Python list performs better than numpy array?

Question 1

I recently signed up for a scientific python course and it was shown in classroom how a numpy array can perform better than a list in some situations. For a statistical simulation, I tried the two approaches and surprinsingly, the numpy array takes a lot longer to finish the process. Could someone help me find my(possible) mistake?

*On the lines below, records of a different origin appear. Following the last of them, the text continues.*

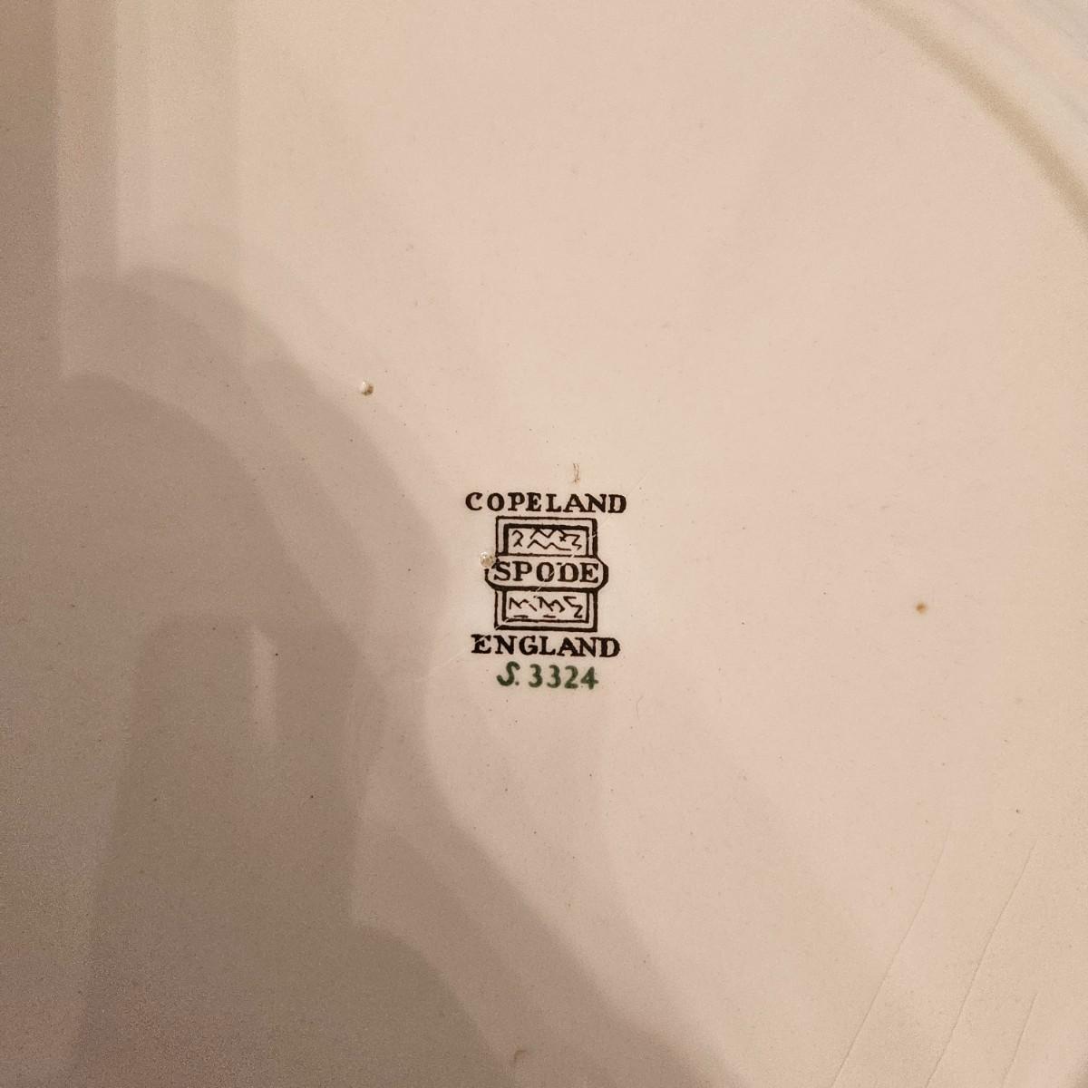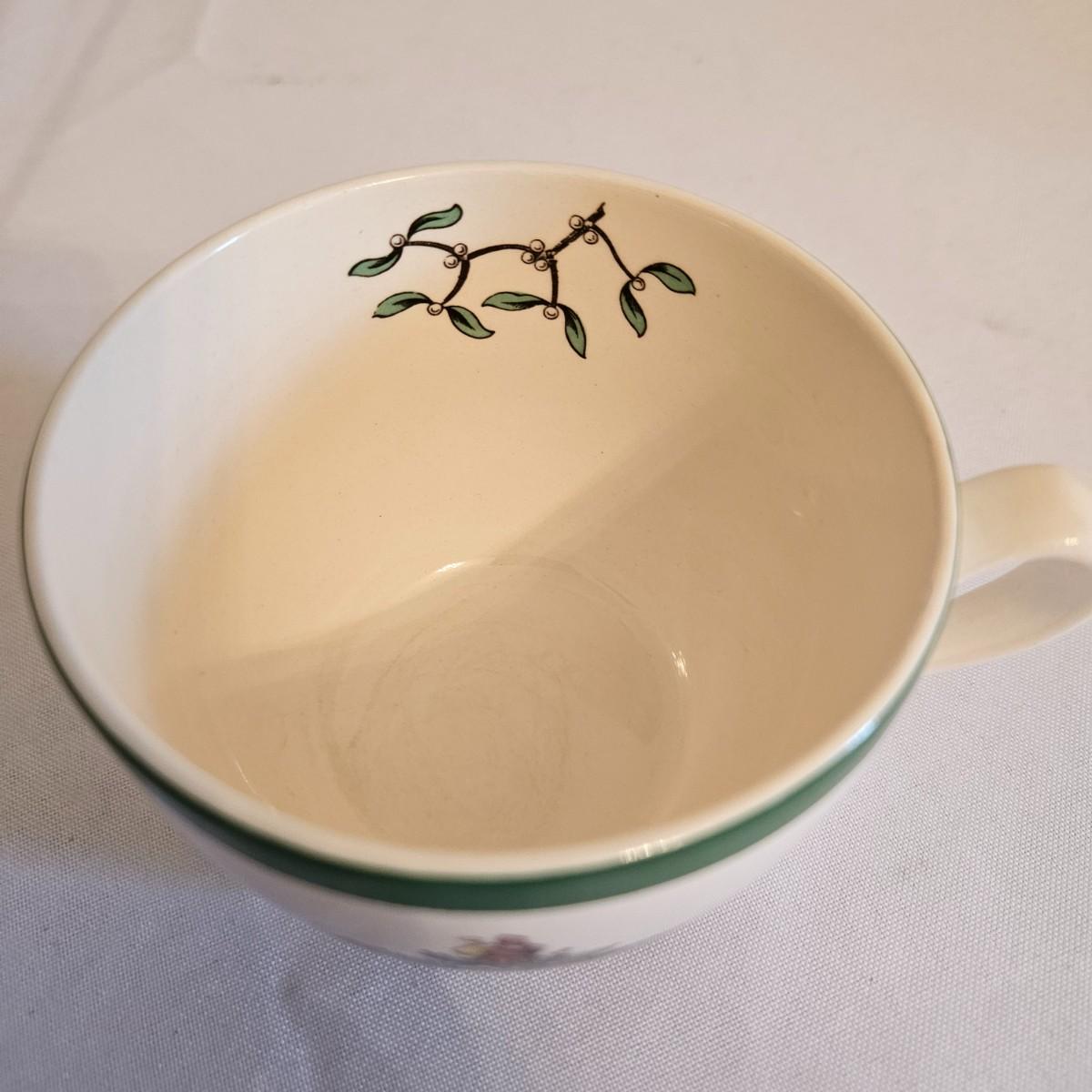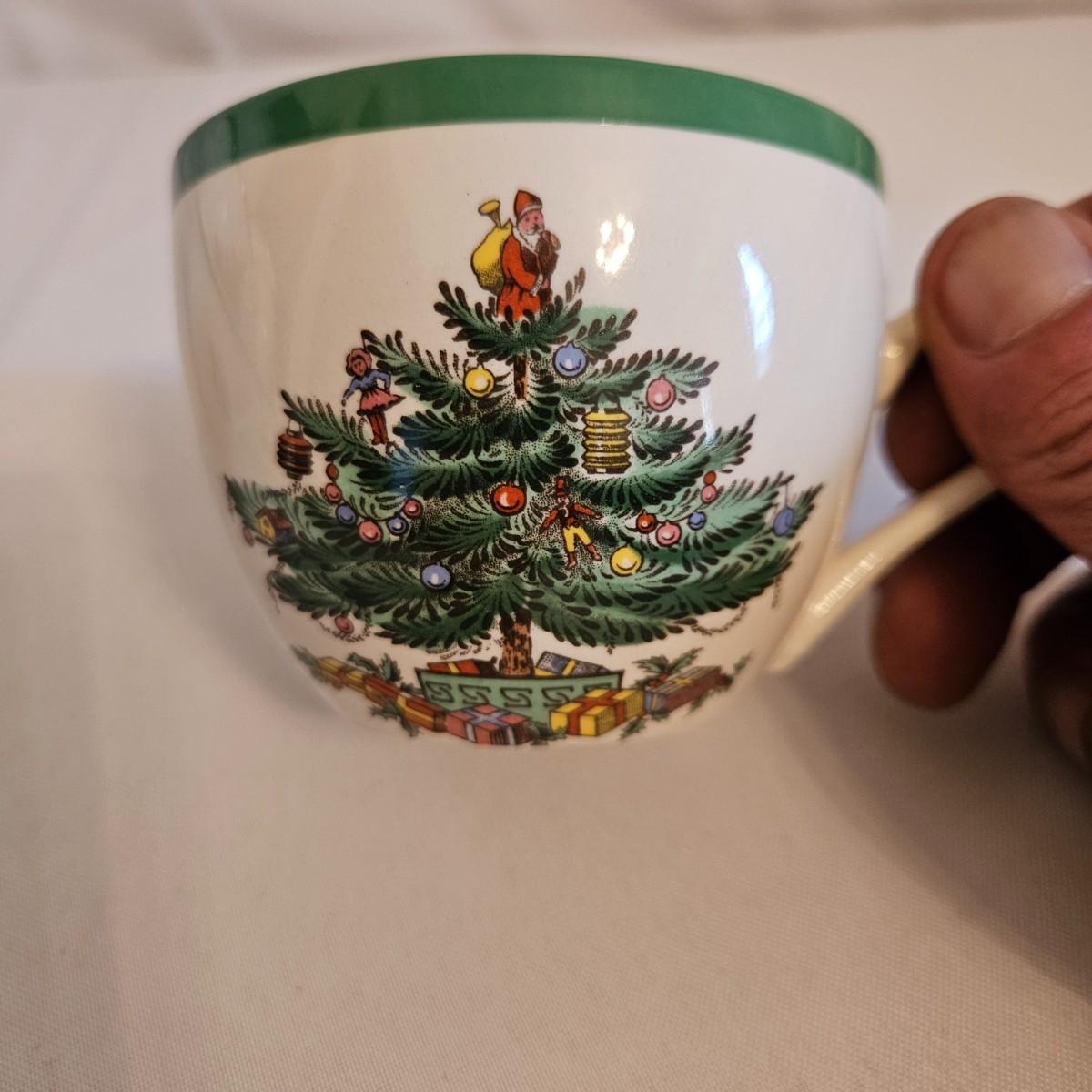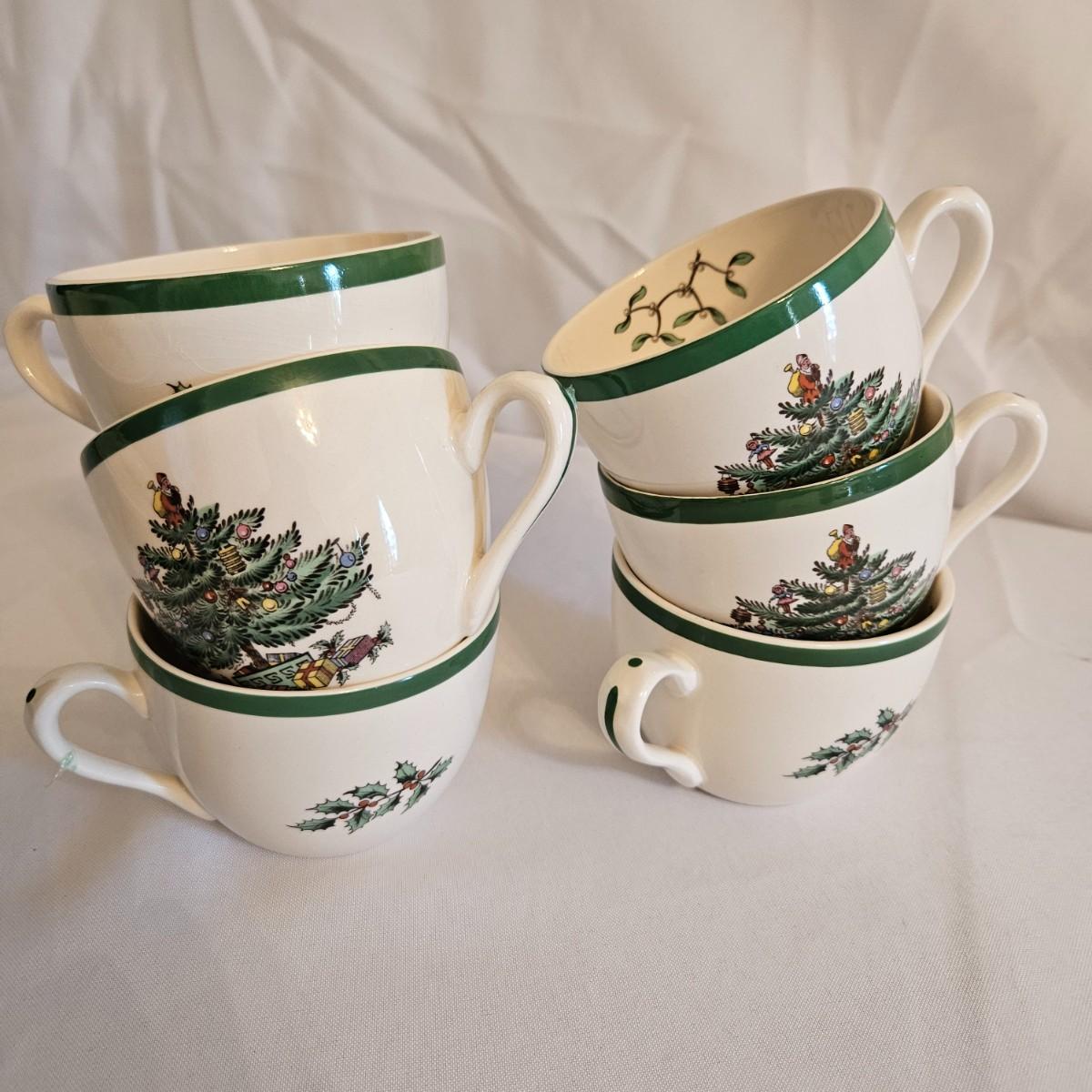 A six place setting Spoke Christmas china set that includes a large serving platter. There are six dinner plates, saucers and coffee cups, in addition to ten salad plates. The serving platter measures approximately 16" x 13". Shipping available.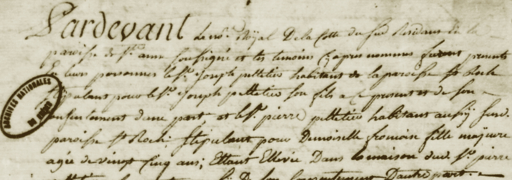 RÉSUMÉ: Contrat de mariage entre Joseph Pelletier et demoiselle Françoise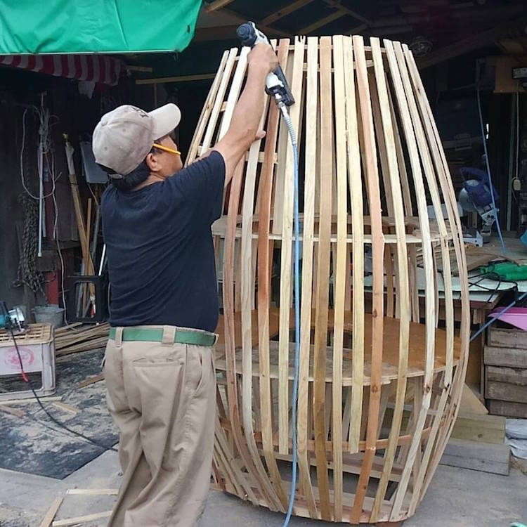 El medio estadunidense My Modern Met recogió el trabajo a mano de esta pareja y su gran habilidad en la carpintería y su impecable atención a los detalles para construir una figura de Totoro. A partir de algunas técnicas tradicionales de enlucido, construyeron primero el armazón en forma de barril para darle forma a la futura estatua.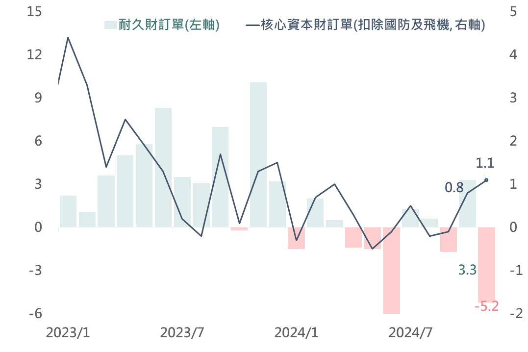 美國公布11月耐久財訂單初值,其年比自前月的3.3%下降至-5.2%,主要反映商用飛機訂單之基期因素影響(年比-55.4%),惟若觀察扣除飛機及國防之核心資本財訂單年比自0.8%升至1.1%,其中包含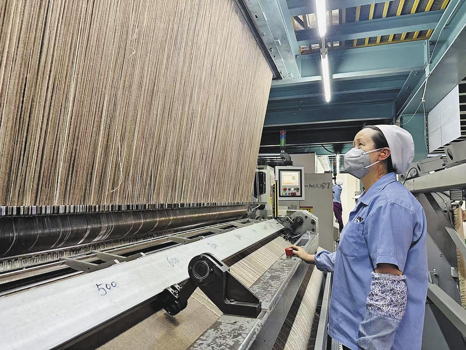 在研發(fā)中心,航空地毯項(xiàng)目組正在調(diào)試新配方?!耙_(dá)到航空A類阻燃標(biāo)準(zhǔn),阻燃性要提升至普通地毯的3倍?!弊曰ㄕ故局钚聵悠?,“去年有一項(xiàng)指標(biāo)沒通過,現(xiàn)在調(diào)整了新方案,預(yù)計(jì)下月送審?!绷慨a(chǎn)后,將填補(bǔ)西北航空地毯生產(chǎn)的空白。

My first thought was that probably something is wrong with the way the code is written, but I can't figure out how it can be wrong. The script calculates how many attempts on average someone needs to complete a collection of sorted stickers:

Python list

I used a function and no external modules.

import random as rd
import statistics as st
def collectStickers(experiments, collectible):
 obtained = []
 attempts = 0
 while(len(obtained) < collectible):
 new_sticker = rd.randint(1, collectible)
 if new_sticker not in obtained:
 obtained.append(new_sticker)
 attempts += 1
 experiments.append(attempts)
experiments = []
collectible = 20
rep_experiment = 100000
for i in range(1, rep_experiment):
 collectStickers(experiments, collectible)
print(st.mean(experiments))

Results

The processing time seems ok for a simple experiment like this one, but for more complex purposes, 13.8 seconds is too much.

72.06983069830699
[Finished in 13.8s]

Numpy

I could not use any function as the following errors showed up when I followed the same logic as above:

RuntimeWarning: Mean of empty slice.
RuntimeWarning: invalid value encountered in double_scalars

So I just went for the naive way:

import random as rd
import numpy as np
experiments = np.array([])
rep_experiment = 100000
for i in range(1, rep_experiment):
 obtained = np.array([])
 attempts = 0
 while(len(obtained) < 20):
 new_sticker = rd.randint(1, 20)
 if new_sticker not in obtained:
 obtained = np.append(obtained, new_sticker)
 attempts += 1
 experiments = np.append(experiments, attempts)
print(np.mean(experiments))

Results

Almost 4x slower!

Is the difference in the use of a function?

72.03112031120311
[Finished in 54.2s]

Question 2

@TedKleinBergman Over 100 000 iterations, that shouldn't matter very much at all.

Question 3

@TedKleinBergman. That really has nothing to with it.

Question 4

Direct translations of list oriented code to numpy are usually are slower. numpy is best when using its whole-array methods. Iterating through an array one by one is slow, as is building an array iteratively (np.append is not a list append clone). np.random is fast - if you ask for 1000s of random numbers at once. Effective use of numpy requires looking at the problem in a different way, from the top down.

Question 5

To really take into account the power of numpy arrays, you need to program in a numpy way. For example, try to vectorize the experiment like this:

def vectorized():
 rep_experiment = 100000
 collectible = 20
 # array of falses
 obtained = np.zeros(rep_experiment, dtype=bool)
 attempts = np.zeros(rep_experiment, dtype=int)
 targets = np.zeros((rep_experiment, collectible), dtype=bool)
 x = np.arange(0,100000, step=1, dtype=int)
 while False in targets:
 r = np.random.randint(0, collectible, size=rep_experiment)
 # add the new stickers to the collected target
 targets[x,r] = True
 # if collected all set obtained to True
 obtained[np.sum(targets, axis=1)==collectible] = True
 # increments the not obtained values
 attempts[~obtained] += 1
 print(attempts.mean(), attempts.std())

check the speed up, it is around 50 X for me

Question 6

np.append copies the array before appending to it.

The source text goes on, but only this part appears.